[Opening Exercise inputs section]
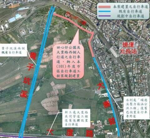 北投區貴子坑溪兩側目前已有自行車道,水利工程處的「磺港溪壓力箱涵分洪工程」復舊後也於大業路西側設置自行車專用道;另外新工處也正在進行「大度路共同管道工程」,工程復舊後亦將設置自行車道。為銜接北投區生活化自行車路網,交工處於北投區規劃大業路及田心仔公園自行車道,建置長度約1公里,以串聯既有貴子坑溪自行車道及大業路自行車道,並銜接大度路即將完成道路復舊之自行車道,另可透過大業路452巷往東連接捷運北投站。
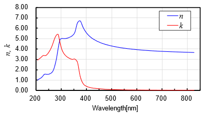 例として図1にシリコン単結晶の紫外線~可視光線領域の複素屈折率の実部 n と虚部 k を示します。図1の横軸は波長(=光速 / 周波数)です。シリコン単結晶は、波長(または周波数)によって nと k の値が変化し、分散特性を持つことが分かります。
[Closing Exercise inputs section]
[Opening Exercise inputs section]
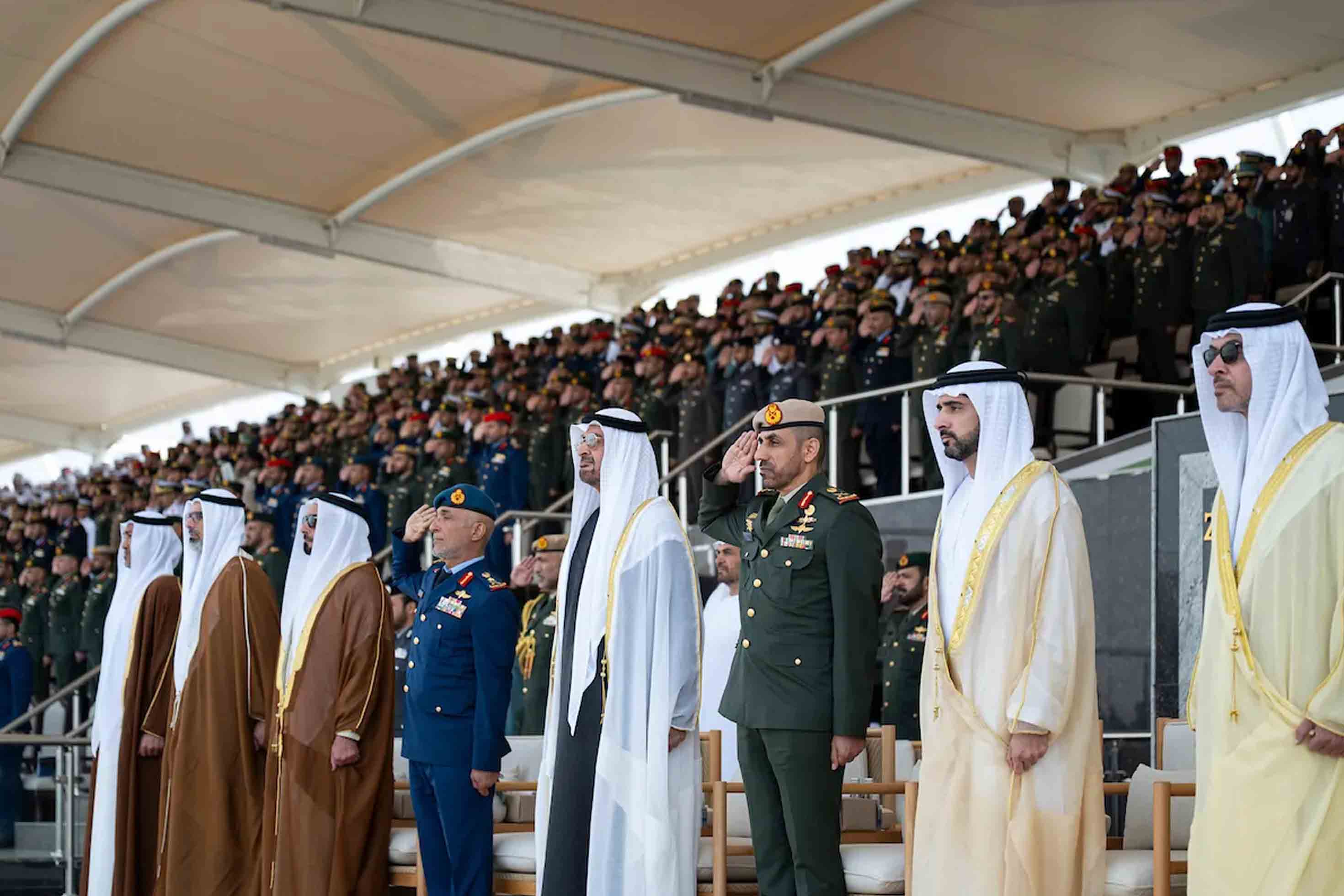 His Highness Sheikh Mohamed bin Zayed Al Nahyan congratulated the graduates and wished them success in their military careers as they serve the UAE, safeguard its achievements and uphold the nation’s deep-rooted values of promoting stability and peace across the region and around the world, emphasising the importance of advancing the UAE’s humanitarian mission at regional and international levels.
[Closing Exercise inputs section]
Problem to solve: Between and including the line with "北投區貴子坑溪兩側目前已有自" and the line with "例として図1にシリコン単結晶の紫外線~可視光線領域の複素屈折率の実部 n と虚部", repeat every line exactly as it appears above, with pictures left out.

Task result:
 北投區貴子坑溪兩側目前已有自行車道,水利工程處的「磺港溪壓力箱涵分洪工程」復舊後也於大業路西側設置自行車專用道;另外新工處也正在進行「大度路共同管道工程」,工程復舊後亦將設置自行車道。為銜接北投區生活化自行車路網,交工處於北投區規劃大業路及田心仔公園自行車道,建置長度約1公里,以串聯既有貴子坑溪自行車道及大業路自行車道,並銜接大度路即將完成道路復舊之自行車道,另可透過大業路452巷往東連接捷運北投站。
 例として図1にシリコン単結晶の紫外線~可視光線領域の複素屈折率の実部 n と虚部 k を示します。図1の横軸は波長(=光速 / 周波数)です。シリコン単結晶は、波長(または周波数)によって nと k の値が変化し、分散特性を持つことが分かります。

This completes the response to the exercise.